Against journalism: the downside of accountability

“Oh, but we need a free and adversarial press to keep people in authority honest.  Without someone watching them, they would abuse their position.”  Nobody seems to doubt this statement, but is it true?  Note that the claim “people are more likely to abuse power when they’re not monitored” is, by its very nature, unverifiable and therefore in a sense unscientific.  We can’t take two sets of authority figures, monitor only one of them, and then see which abused power more often.  We have to make inferences from what we know of human psychology.

Why is it that people with power generally don’t abuse it for selfish ends?  Apologists for journalism follow the “accountability paradigm”:  abuse is limited by the fear of exposure.  A more sophisticated version might admit that many people use power responsibly for other, more creditable, reasons.  However, some subset will be motivated only by the fear of accountability, and these the press can influence in a positive way.  What about the others, though, who use their power well?  What are they’re reasons?  If press campaigns undermine them, they may prove to be counterproductive overall.  For example, if negative press coverage instills fear in 10 basically bad officers but destroys the idealism of 90 basically good officers, the overall effect may be negative.

Many people in authority positions are impressed by the dignity of their office.  They see it as an enormous honor to which they must aspire to be worthy.  They look back to the deeds of exemplary past officeholders for inspiration.  What happens when a media campaign against a certain office destroys the dignity of that office, so that the office’s code of excellence is regarded as a joke and all officeholders are presumed by the public to be venal, lazy, and cruel?  Remember that accountability by journalism is a particular kind of correction–it is correction by public humiliation.  Any organization that gets serious journalistic oversight can expect to have its reputation in the dirt.

Do negative stereotypes and presumption of guilt encourage good behavior?  Sociologists have studied this question in the context of racial stereotyping.  While I think these studies tend to overstate the degree of race-based stereotyping in American schools and workplaces, there is widespread agreement on the effects of negative stereotypes.  They discourage good behavior; people tend to live down to them.  With no positive role models, minority youth drift into delinquency.  When people assume that you’re a crook, you’re much more likely to end up a crook.  Nor do negative stereotypes tend to prompt constructive self-criticism.  Rather, they make the stereotyped class hostile and defensive towards outsiders.
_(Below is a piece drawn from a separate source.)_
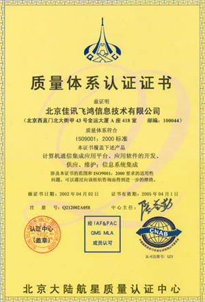 經(jīng)過近半年時間的建立和保持質(zhì)量體系運行,佳訊飛鴻于在2002年3月順利的通過為期三天的嚴(yán)格審核,并重點對佳訊公司核心技術(shù)的CTI平臺進(jìn)行審核。2002年4月2日通過了ISO國際組織的新體系標(biāo)準(zhǔn)ISO9001:2000的體系認(rèn)證,取得了通過該標(biāo)準(zhǔn)的認(rèn)證證書。佳訊飛鴻公司也成為國內(nèi)第一家對CTI平臺進(jìn)行審核并通過認(rèn)證的公司。其完成標(biāo)志著公司從成立之時起即嚴(yán)格遵循國際企業(yè)標(biāo)準(zhǔn)及現(xiàn)代企業(yè)管理模式,以軟件產(chǎn)品質(zhì)量管理體系為載體,以客戶需求為導(dǎo)向。全面提高產(chǎn)品、服務(wù)質(zhì)量,順應(yīng)不斷變化的技術(shù)發(fā)展方向和市場變化,在質(zhì)量、技術(shù)、成本和交期等方面全力滿足客戶需求,為客戶提供最佳性價比的產(chǎn)品和服務(wù)。

When journalists put the heat on a crooked politician or bishop or general, they will often make that individual watch out and behave better.  The cumulative effect of these sorts of exposes, however, is to demoralize the occupation as a whole.  These authority figures lose their sense of the dignity of their office (because it no longer has any) and the high responsibilities it entails; they see that they’re just public punching bags, and they become cynical.  Furthermore, fewer honest and motivated people will be attracted to the beleaguered profession, causing it to sink still lower.

So, does accountability by a hostile press improve the honesty of an organization overall?  The answer is less clear than it first appears.

4 Responses

  1. Keep up the good work with this series on journalism. Few people understand the corrosive effect of journalism on authority like you.

  2. […] Against journalism: the downside of accountability « Throne and Altar […]

  3. Thank you for the encouragement, Stephen. I’d been worried that this would be the series that would get me written off as a kook by those few who haven’t already done so. Your appreciation is very reassuring to me.

  4. There might be more people out there than you suspect who are at least uneasy with the press’s influence. They might not agree with your exact reasons for distrusting the press, but they do realize that something’s not quite right.

    For instance, in a recent law class, the professor was discussing a local court case involving journalists who claimed a special privilege not to reveal their sources. I thought I was the only student who disliked the press, but I was surprised that quite a few others did too.